# Oliver 2255



## Vol (Jul 5, 2009)

A beautiful tractor.....by Machinery Pete courtesy of AgWeb.

Regards, Mike

https://www.agweb.com/blog/machinery-pete/the-story-of-the-2255-tractor-of-mr-oliver/


----------



## somedevildawg (Jun 20, 2011)

Beautiful tractors.....strange how the front weights were attached back then.


----------



## mlappin (Jun 25, 2009)

Dad has one, personally my least favorite tractor to work on, everything is tight and sandwiched in. At least with the gear drive starters available now you don't have to pull the motor just to change starters. We never did anyways, found if you drop the solenoid off em and did a bit of gentle grinding on the engine tub you can change em without pulling the motor.

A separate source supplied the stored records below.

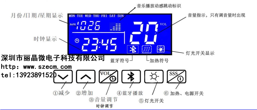 時鐘調(diào)節(jié):長按③鍵3秒則關(guān)閉藍(lán)牙播放功能可以調(diào)整日期和時間,此時時鐘顯示小時的數(shù)字閃爍,在閃爍時可通過按下①鍵或②鍵調(diào)整小時值;調(diào)整完畢后再按③鍵,時鐘顯示分鐘的數(shù)字閃爍,在閃爍時可通過按下①鍵或②鍵調(diào)整分鐘值;再按下③鍵,顯示月份數(shù)字閃爍,在閃爍時通過按下①鍵或②鍵調(diào)整月份,以此類推,后于年份設(shè)置完畢后待數(shù)字不再閃爍即完成時鐘設(shè)置;(時鐘設(shè)置只能在藍(lán)牙功能關(guān)閉的情況下才能操作)
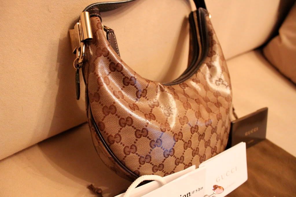 Gucci สภาพดีมากๆ มีอุปกรณ์ให้ครบค่ะ ทั้งถุงผ้าและ Gucci La Storia มาในเล่มทองๆ เล็กๆ ราคา 17,900 บาท
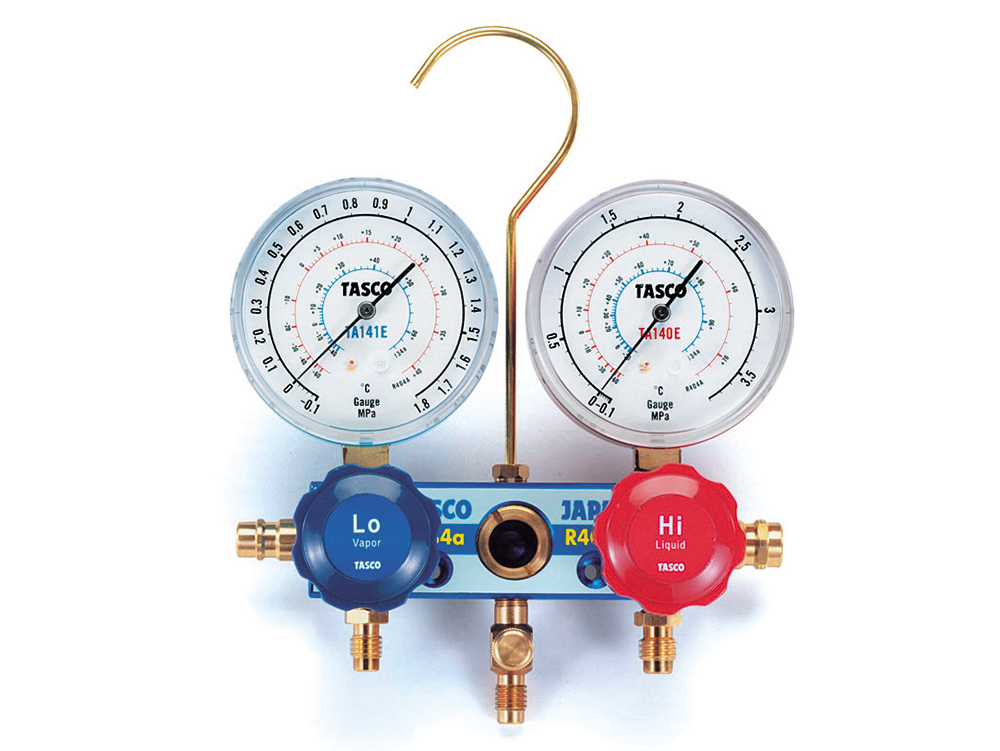 - □ R134aR404A冷凍冷蔵ユニット専用カーエアコンのゲージマニホールドですから、数値が読みとりやすく使いやすいゲージマニホールドです。
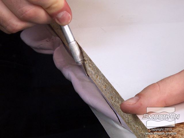 לחיצה להגדלת תמונה חותכים בסכין חד את עודף בצק הסיליקון Equinox® 40 שיוצא מקצוות הלוחות. חותכים בסכין חד את עודף בצק הסיליקון Equinox® 40 שיוצא מקצוות הלוחות.
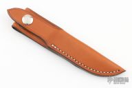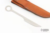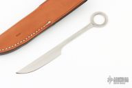 This Bird Knife by Terry Barrett features a satin finished blade and handle, .059" blade stock and .538" blade depth, full tang construction. The handle has a ring at the butt for your pinky so that you let the knife fall and hang from your finger while cleaning birds, then quickly bring it back up when you need it. Comes with a brown leather sheath. Excellent condition.
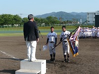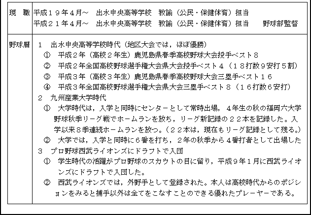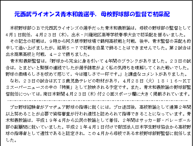 ![]() | 元西武ライオンズの選手だった本校野球部OBの青木和義教諭は,4月1日付けで本校野球部監督に就任しました。 MBCテレビは,青木和義監督をゲストに22日(月)午前10時「ズバかご」の中で,本校の国際交流室に設けられた特設スタジオから野球に対する抱負を6分間,生放送されました。 生中継は,鹿児島いずみテレビの椎木重治キャスタ−の司会,カメラは鹿児島いずみテレビの福崎一美カメラマンと本校のマルチメディア部員の手で動かされ,画面の切り替えはマルチメディア部員が担当しました。 青木和義新監督は番組の中で,「野球から完全に身を引いて4年間のブランクがありました。野球の素晴らしさを改めて感じて,母校で監督できる喜び,母校のグラウンドに帰った懐かしさ,母校には感謝の気持ちで一杯です。7月4日から始まる全国高校野球鹿児島県大会では,選手の持てる力を充分に発揮できるように采配をして,1戦1戦を大事に展開していきたい。将来はプロ野球に通用する選手も育てていきたい。」と静かな中にも闘志みなぎるコメントでした。 なお,本校は2回戦からの登場で7月11日(土)古仁屋高校と垂水高校の勝者と戦います。 |
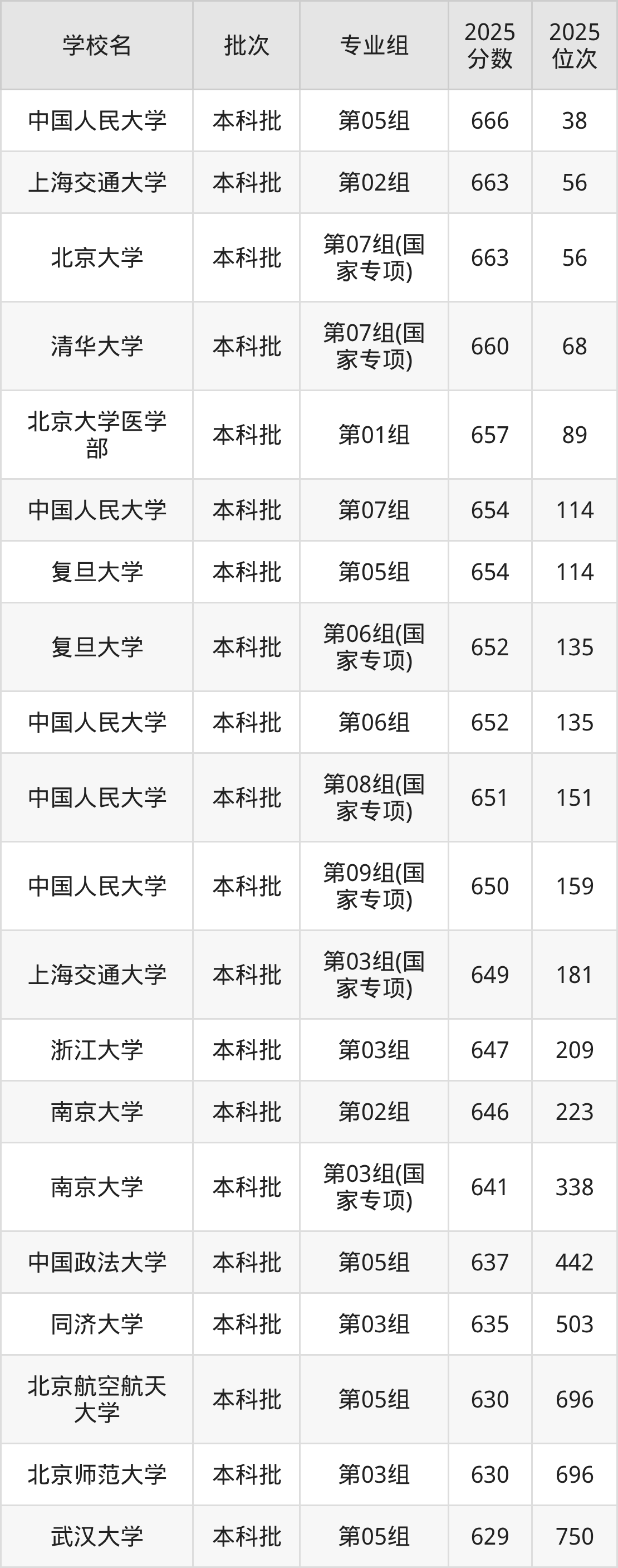 2025年湖北高考历史类633分(536名~568名)录取位次低于该区间(较稳妥)的有北京航空航天大学第05组(696名)、北京师范大学第03组(696名)等;录取位次高于该区间(可冲)的有同济大学第03组(503名)、中国政法大学第05组(442名)等。
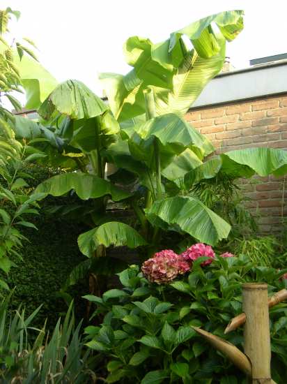 En nog een ! De Musa in de voortuin.(de boom en de struiken,zijn niet van mij ,hoor. Zo groot is mij tuin niet)
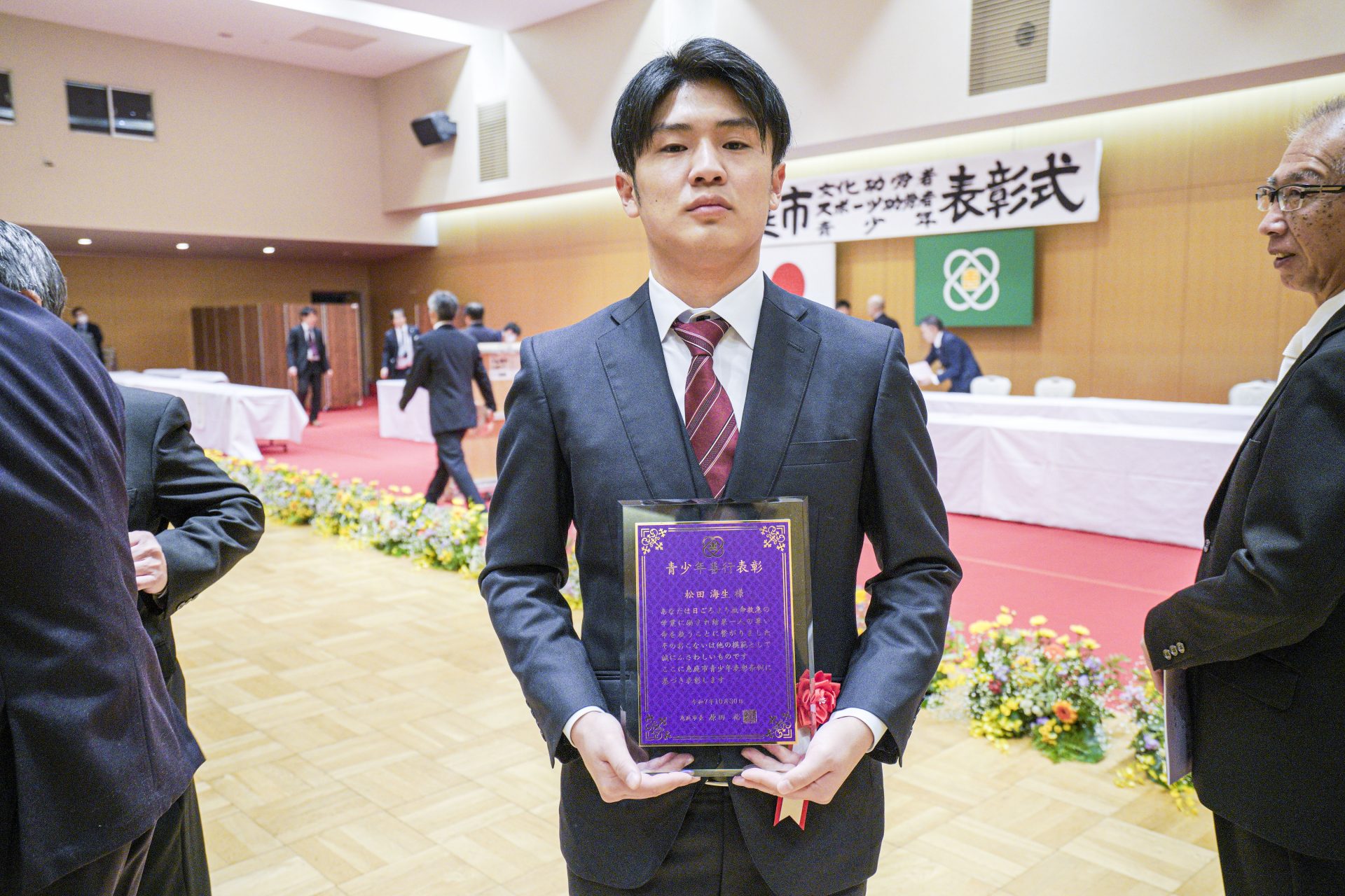 松田さんは恵庭市市長・原田裕(はらだゆたか)市長より直接表彰状を授与されました。
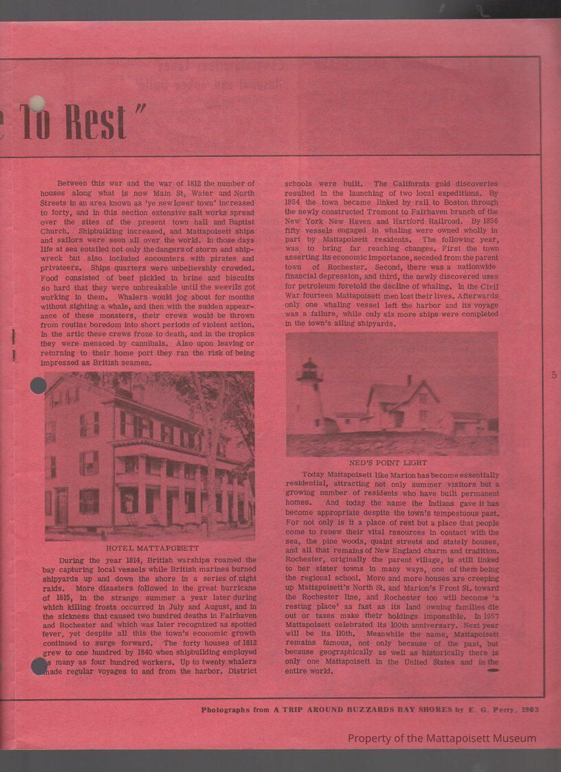The Sippican Sentinel Overflow, Vol. 1, No. 10. Article "A Place to Rest".Collection
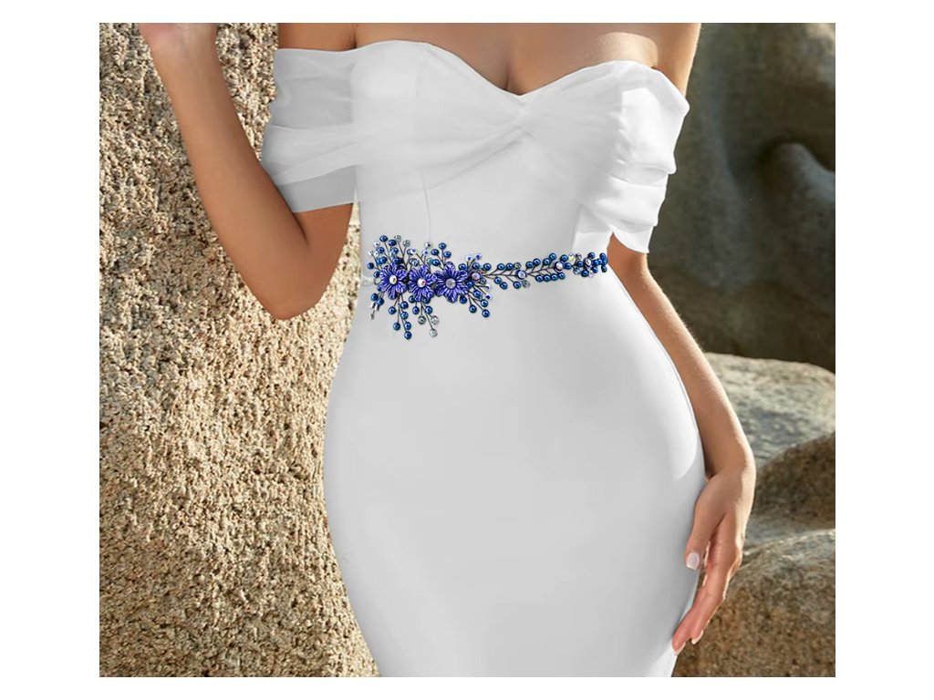 Tento ozdobný pás na šaty v modré barvě je tvořen třemi výraznými modrými květy, které mu dodávají romantický a elegantní charakter. Jemné modré perly a třpytivé krystaly krásně odrážejí světlo a zvýrazňují celkový design. Pás je ideální volbou pro společenské šaty, plesy, svatby i slavnostní příležitosti, kde chcete vyniknout decentním detailem.
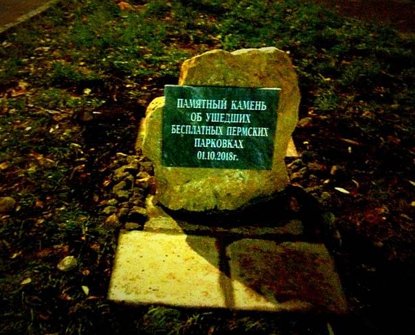 Фотографиями поделились местные жители в социальных сетях. На памятнике высечена фраза «Памятный камень об ушедших бесплатных пермских парковках 01.10.2018». Плита находится рядом с домом на ул. Тимирязева, 59.

Personally don't care for the front wheel assist Olivers either, they moved the axle back to tighten up the turning radius but the shorter the wheel base, the rougher the ride.


----------



## GOOD HAY (Aug 8, 2010)

I worked for a fellow who had one with 4wd back in the mid seventies, as well as a White 105 4wd and a Cockshutt 1655 4wd. When you look back at these tractors you have to put them in the context of the times. There was very little tile drainage in our area then and these tractors worked well picking corn late into the fall and all the other work that we were trying to do on fields that today we would not go on. In some respects they were awkward and crude but they were the best at the time and they got the job done. I still get a little nostalgic when I see a nice 1655 up for sale.


----------



## stack em up (Mar 7, 2013)

Love the 2255, have one that needs a good restoration. Basically Oliver’s last hoorah.


----------